(Data items)
----------
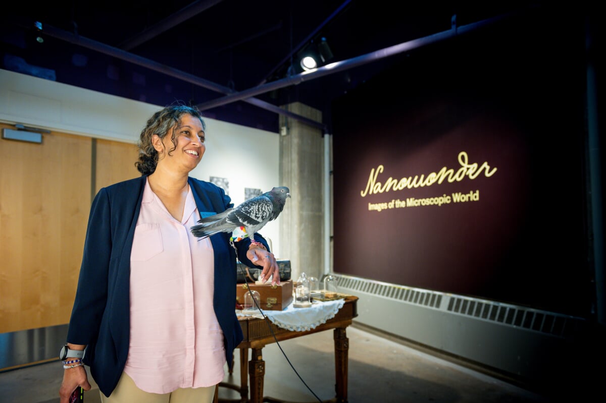 The capabilities of the Hitachi SEM were on full display Sept. 27 as a lively crowd of campus and community members of all ages gathered for the exhibit's opening reception. Many accepted the Rozsa's invitation to bring their own samples for magnification, and were dazzled as researchers operating the high-powered microscope projected magnified images on a large screen for all to see. Among the special guests was Sonnet the Pigeon, whose feather image was on display in the exhibition.
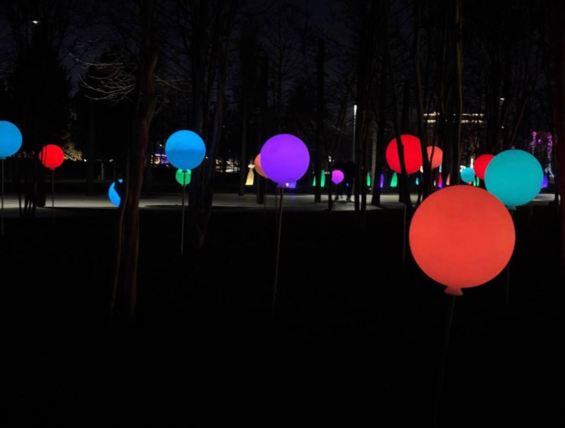 Десятки ярких шаров поднимают настроение посетителям.
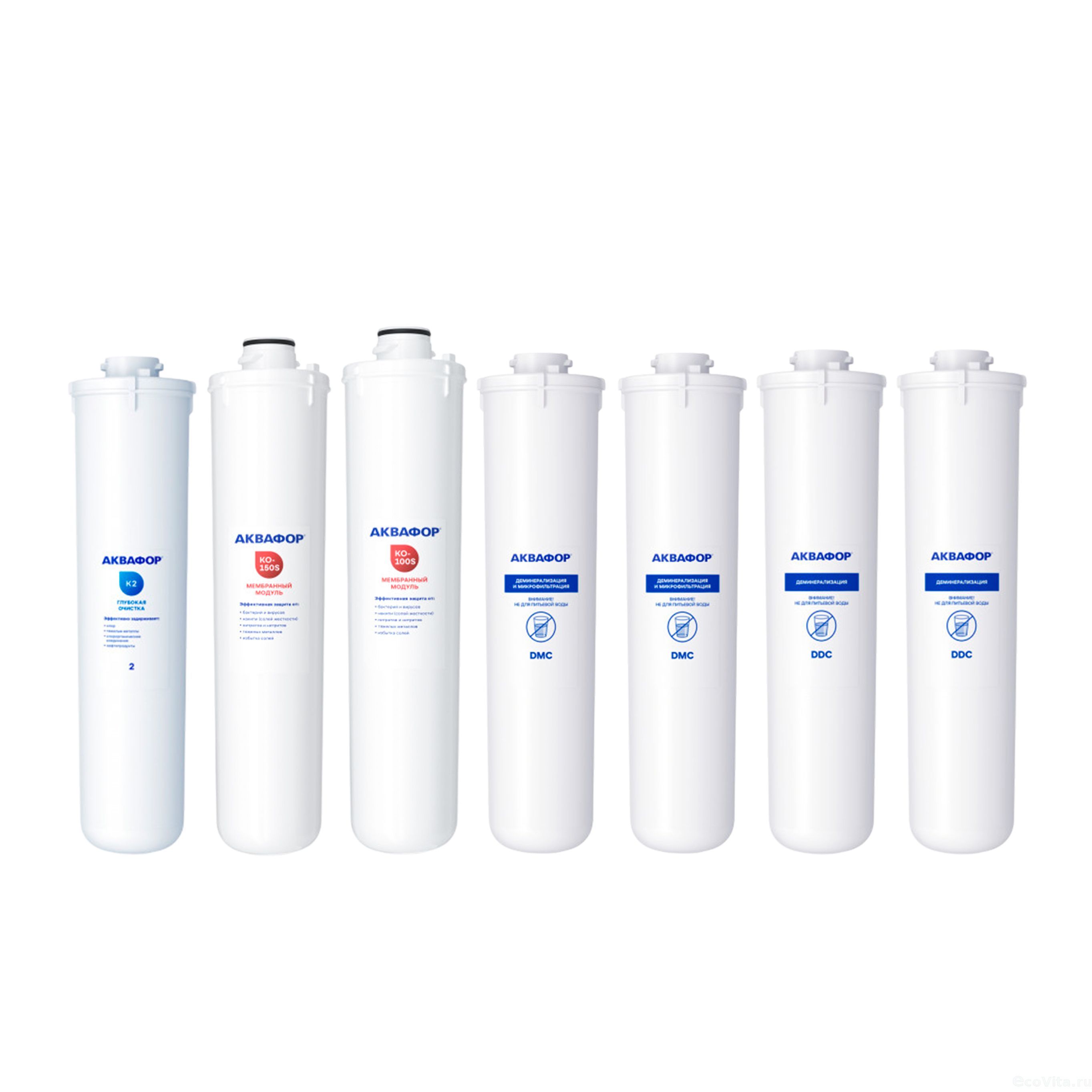- Модуль сменный мембранный КО-150S (1 шт.) – очищает воду от органических и неорганических соединений, бактерий, вирусов, цист.
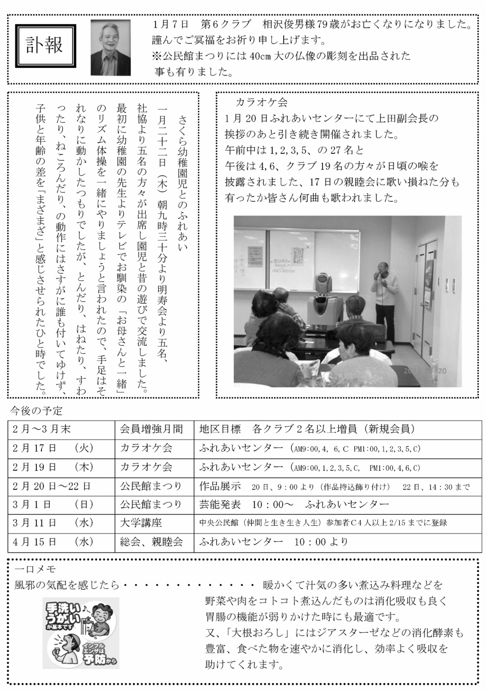 p.1 ☆募ろう ・会員2〜3月は会員増強月間です ・会員を広く募り一人でも多くの会員を勧誘しましょう ・各クラブ2名以上の純増が目標です ☆ゆめクラブ趣味の作品展 ・市民プラザ(1月8〜13日) ・市内二十二地区から多くの作品が出展されました。 ・四之宮地区からは次の方々が出品されました・相原秀子様手芸(干支額飾り)・相川温子様手芸(友禅着物額飾り)・橘川貞子様手芸(チュウリップ飾り)・鈴木一枝様書・後藤政雄様の竹細工の鶴と傘の置物 ☆大野小児童とのふれあい ・1月15日(木)で行われました【以下略】 ☆新年親睦会 ・1月17日明寿会の新年親睦会が開催され138名出席者の元、盛大に行われ楽しい一日でした。次の方々よりご祝儀を頂きました。自治連合会様、神代長子様、高梨妙子様、ファリーショップ田辺様、斉藤正三様、北山茂様、 p.2 ☆訃報 ・1月7日 第6クラブ相沢俊男様79歳がお亡くなりになりました。謹んでご冥福をお祈り申し上げます。※公民館まつりには40cm大の仏像の彫刻を出品された事も有りました ☆さくら幼稚園児とのふれあい ・1月22日(木)朝九時三十分より明寿会より五名、社協より5名の方々が出席し園児と昔の遊びで交流しました。【以下略】 ☆カラオケ会 ・1月20日ふれあいセンターにて開催されました。【以下略】 ☆今後の予定 ・2月〜3月末:会員増強月間 地区目標各クラブ2名以上増員(新規会員) ・2月17日(火):カラオケ会 ふれあいセンター(AM9:00,4,6,C PM1:00,1,2,3,5,C) ・2月19日(木):カラオケ会 ふれあいセンター(AM9:00,1,2,3,5,C, PM1:00,4,6,C) ・2月20日〜22日:公民館まつり 作品展示 20日、9:00より(作品持込飾り付け) 22日、14:30まで ・3月1日(日):公民館まつり 芸能発表 10:00〜 ふれあいセンター ・3月11日(水):大学講座 中央公民館(仲間と生き生き人生)参加者C4人以上2/15までに登録 ・4月15日(水):総会、親睦会 ふれあいセンター 10:00より ☆一口メモ ・風邪の気配を感じたら暖かくて汁気の多い煮込み料理などを野菜や肉をコトコト煮込んだものは消化吸収も良く胃腸の機能が弱りかけた時にも最適です。又、「大根おろし」にはジアスターゼなどの消化酵素も豊富、食べた物を速やかに消化し、効率よく吸収を助けてくれます。 | |
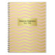 Beautifully feminine, this custom spiral notebook features a pink and gold chevron stripes pattern with matching gold inset frame. Enter your name, title or other text in place of the sample text shown to personalize.
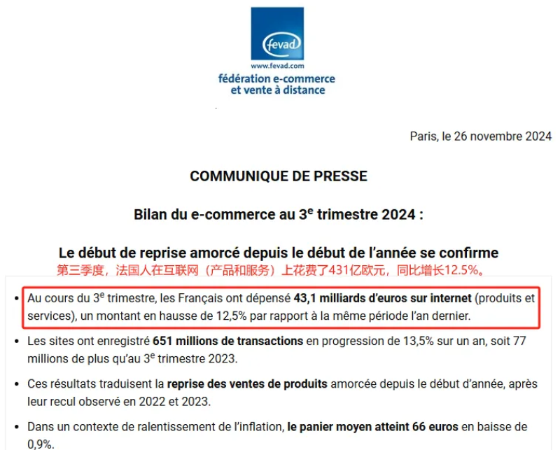 另外,就在上個月底,法國電商和遠程銷售聯合會(Fevad)也發布了一項研究,數據顯示,在今年第三季度,法國人線上支出達到431億歐元,同比增長12.5%,而電商平臺共收獲6.51億筆訂單,同比增長13.5%,比去年同期增加了7700萬筆。?
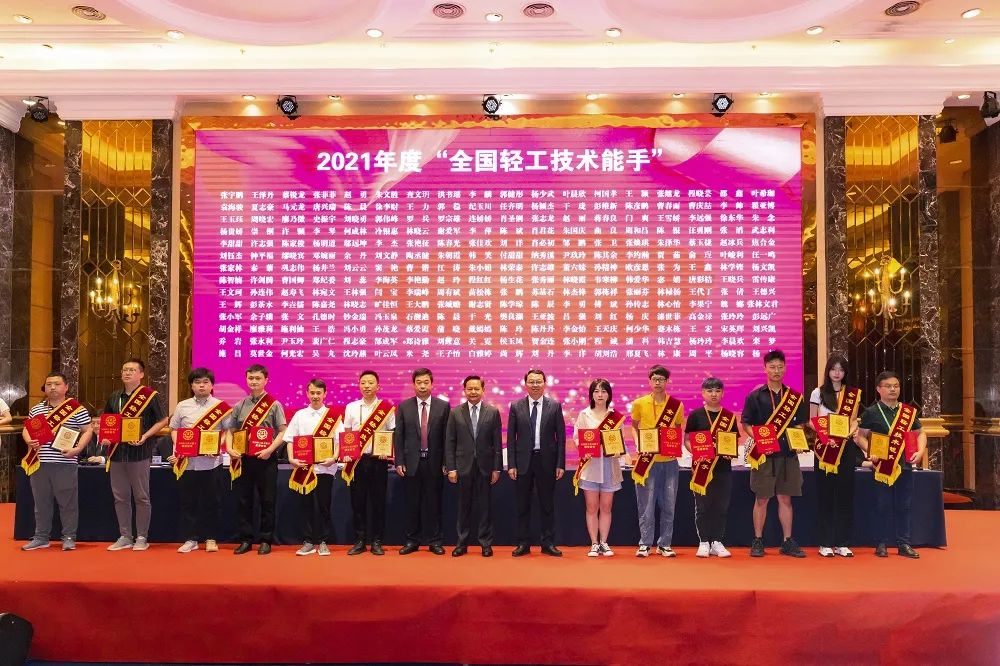 大会为2021年 “全国五一劳动奖章”获得者举行了授牌仪式;为2021年轻工领域举办的首届全国一类职业技能大赛、7项国家级二类竞赛、3项行业竞赛中产生的252名“全国轻工技术能手”颁发奖章和证书。
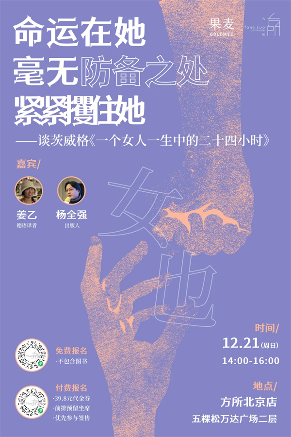 德語作家茨威格被稱為“靈魂的獵手”,他擅長(zhǎng)用細(xì)膩的文字探索人內(nèi)心的密林。在名篇《一個(gè)女人一生中的二十四小時(shí)》中,他把一位長(zhǎng)久壓抑自己的女性直面欲望時(shí)那種瘋狂與掙扎盡數(shù)呈現(xiàn)。當(dāng)命運(yùn)用偶然扼住一個(gè)人又徹底顛覆她時(shí),人的膽怯與勇敢如影隨形,堅(jiān)定與搖擺相繼顯現(xiàn),神性與人性化于一體,被捕獲與被放生亦相伴而生。命運(yùn)之偶然成為一種必然。12月21日,我們邀請(qǐng)到《一個(gè)女人一生中的二十四小時(shí)》譯者姜乙與出版人、河南大學(xué)教師楊全強(qiáng)做客方所北京店,與讀者一同走進(jìn)茨威格筆下的心靈世界。
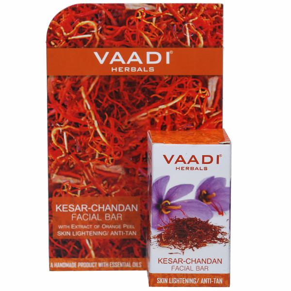 Vaadi Herbals Kesar Chandan Skin Lighteing Anti Tan Facial Bar is a rich combination of Kesar, Chandan along with Orange peel is guaranteed to improve your skin complexion and smoothen the texture.
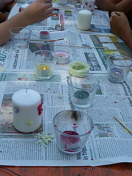 Den Vormittag über dürfen sich alle aussuchen, was sie machen: Ob Tischtennis, Fußball, Steine bunt bemalen oder Teelichtgläser gestalten - für alle ist etwas dabei. Und wer einfach nur mit Freunden zusammen sitzen oder im Zelt etwas lesen möchte, hat auch dazu die Möglichkeit.
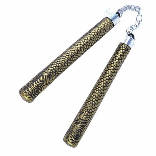 A gold plastic Ninja’s nunchuck. Great for any martial arts themed costume or Oriental fancy dress.
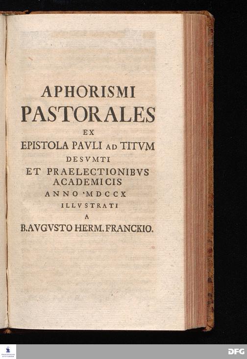 August Herr[!]mann Franckens, Weyl.S.Theol.Prof.Past.Vlric.et Schol. COLLEGIVM PASTORALE über D. IO. LVDOV. HARTMANNI PASTORALE EVANGELICVM. Anderer Theil; Nebst desselben Aus der Epistel an den Titum gezogenen und mit mehrerm erläuterten APHORISMIS PASTORALIBVS: herausgegeben von Gotthilf August Francken S.Theol.Doct.und Prof.Publ.Ord.der ersten Dioeces des Saal-Creyses Insp.und Pr.zur L.Fr. HALLE, In Verlegung des Wäysenhauses, 1743.
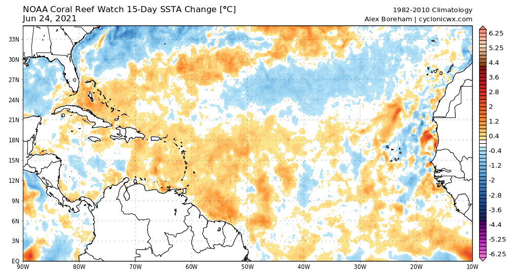 Overall, the most alarming aspect of these waves is that needing to watch the eastern Atlantic in summer is an ill portent. Years with early Main Development Region storms, like 1933, 1979, 1996, 2005, or 2017, tend to continue active through the peak season. This year also is poised to follow the tendency of the past five in notably warming the eastern Atlantic relative to normal in summer (above). If those trends continue for the season’s climatological peak in August and September, much like a goose blocking the sidewalk, it’s not clear how we get around it without feathers flying. Keep watching the skies.
----------
Pictures do not belong in the copy. Please reproduce the entries above exactly otherwise.

 The capabilities of the Hitachi SEM were on full display Sept. 27 as a lively crowd of campus and community members of all ages gathered for the exhibit's opening reception. Many accepted the Rozsa's invitation to bring their own samples for magnification, and were dazzled as researchers operating the high-powered microscope projected magnified images on a large screen for all to see. Among the special guests was Sonnet the Pigeon, whose feather image was on display in the exhibition.
 Десятки ярких шаров поднимают настроение посетителям.
- Модуль сменный мембранный КО-150S (1 шт.) – очищает воду от органических и неорганических соединений, бактерий, вирусов, цист.
 p.1 ☆募ろう ・会員2〜3月は会員増強月間です ・会員を広く募り一人でも多くの会員を勧誘しましょう ・各クラブ2名以上の純増が目標です ☆ゆめクラブ趣味の作品展 ・市民プラザ(1月8〜13日) ・市内二十二地区から多くの作品が出展されました。 ・四之宮地区からは次の方々が出品されました・相原秀子様手芸(干支額飾り)・相川温子様手芸(友禅着物額飾り)・橘川貞子様手芸(チュウリップ飾り)・鈴木一枝様書・後藤政雄様の竹細工の鶴と傘の置物 ☆大野小児童とのふれあい ・1月15日(木)で行われました【以下略】 ☆新年親睦会 ・1月17日明寿会の新年親睦会が開催され138名出席者の元、盛大に行われ楽しい一日でした。次の方々よりご祝儀を頂きました。自治連合会様、神代長子様、高梨妙子様、ファリーショップ田辺様、斉藤正三様、北山茂様、 p.2 ☆訃報 ・1月7日 第6クラブ相沢俊男様79歳がお亡くなりになりました。謹んでご冥福をお祈り申し上げます。※公民館まつりには40cm大の仏像の彫刻を出品された事も有りました ☆さくら幼稚園児とのふれあい ・1月22日(木)朝九時三十分より明寿会より五名、社協より5名の方々が出席し園児と昔の遊びで交流しました。【以下略】 ☆カラオケ会 ・1月20日ふれあいセンターにて開催されました。【以下略】 ☆今後の予定 ・2月〜3月末:会員増強月間 地区目標各クラブ2名以上増員(新規会員) ・2月17日(火):カラオケ会 ふれあいセンター(AM9:00,4,6,C PM1:00,1,2,3,5,C) ・2月19日(木):カラオケ会 ふれあいセンター(AM9:00,1,2,3,5,C, PM1:00,4,6,C) ・2月20日〜22日:公民館まつり 作品展示 20日、9:00より(作品持込飾り付け) 22日、14:30まで ・3月1日(日):公民館まつり 芸能発表 10:00〜 ふれあいセンター ・3月11日(水):大学講座 中央公民館(仲間と生き生き人生)参加者C4人以上2/15までに登録 ・4月15日(水):総会、親睦会 ふれあいセンター 10:00より ☆一口メモ ・風邪の気配を感じたら暖かくて汁気の多い煮込み料理などを野菜や肉をコトコト煮込んだものは消化吸収も良く胃腸の機能が弱りかけた時にも最適です。又、「大根おろし」にはジアスターゼなどの消化酵素も豊富、食べた物を速やかに消化し、効率よく吸収を助けてくれます。 | |
 Beautifully feminine, this custom spiral notebook features a pink and gold chevron stripes pattern with matching gold inset frame. Enter your name, title or other text in place of the sample text shown to personalize.
 另外,就在上個月底,法國電商和遠程銷售聯合會(Fevad)也發布了一項研究,數據顯示,在今年第三季度,法國人線上支出達到431億歐元,同比增長12.5%,而電商平臺共收獲6.51億筆訂單,同比增長13.5%,比去年同期增加了7700萬筆。?
 大会为2021年 “全国五一劳动奖章”获得者举行了授牌仪式;为2021年轻工领域举办的首届全国一类职业技能大赛、7项国家级二类竞赛、3项行业竞赛中产生的252名“全国轻工技术能手”颁发奖章和证书。
 德語作家茨威格被稱為“靈魂的獵手”,他擅長(zhǎng)用細(xì)膩的文字探索人內(nèi)心的密林。在名篇《一個(gè)女人一生中的二十四小時(shí)》中,他把一位長(zhǎng)久壓抑自己的女性直面欲望時(shí)那種瘋狂與掙扎盡數(shù)呈現(xiàn)。當(dāng)命運(yùn)用偶然扼住一個(gè)人又徹底顛覆她時(shí),人的膽怯與勇敢如影隨形,堅(jiān)定與搖擺相繼顯現(xiàn),神性與人性化于一體,被捕獲與被放生亦相伴而生。命運(yùn)之偶然成為一種必然。12月21日,我們邀請(qǐng)到《一個(gè)女人一生中的二十四小時(shí)》譯者姜乙與出版人、河南大學(xué)教師楊全強(qiáng)做客方所北京店,與讀者一同走進(jìn)茨威格筆下的心靈世界。
 Vaadi Herbals Kesar Chandan Skin Lighteing Anti Tan Facial Bar is a rich combination of Kesar, Chandan along with Orange peel is guaranteed to improve your skin complexion and smoothen the texture.
 Den Vormittag über dürfen sich alle aussuchen, was sie machen: Ob Tischtennis, Fußball, Steine bunt bemalen oder Teelichtgläser gestalten - für alle ist etwas dabei. Und wer einfach nur mit Freunden zusammen sitzen oder im Zelt etwas lesen möchte, hat auch dazu die Möglichkeit.
 A gold plastic Ninja’s nunchuck. Great for any martial arts themed costume or Oriental fancy dress.
 August Herr[!]mann Franckens, Weyl.S.Theol.Prof.Past.Vlric.et Schol. COLLEGIVM PASTORALE über D. IO. LVDOV. HARTMANNI PASTORALE EVANGELICVM. Anderer Theil; Nebst desselben Aus der Epistel an den Titum gezogenen und mit mehrerm erläuterten APHORISMIS PASTORALIBVS: herausgegeben von Gotthilf August Francken S.Theol.Doct.und Prof.Publ.Ord.der ersten Dioeces des Saal-Creyses Insp.und Pr.zur L.Fr. HALLE, In Verlegung des Wäysenhauses, 1743.
 Overall, the most alarming aspect of these waves is that needing to watch the eastern Atlantic in summer is an ill portent. Years with early Main Development Region storms, like 1933, 1979, 1996, 2005, or 2017, tend to continue active through the peak season. This year also is poised to follow the tendency of the past five in notably warming the eastern Atlantic relative to normal in summer (above). If those trends continue for the season’s climatological peak in August and September, much like a goose blocking the sidewalk, it’s not clear how we get around it without feathers flying. Keep watching the skies.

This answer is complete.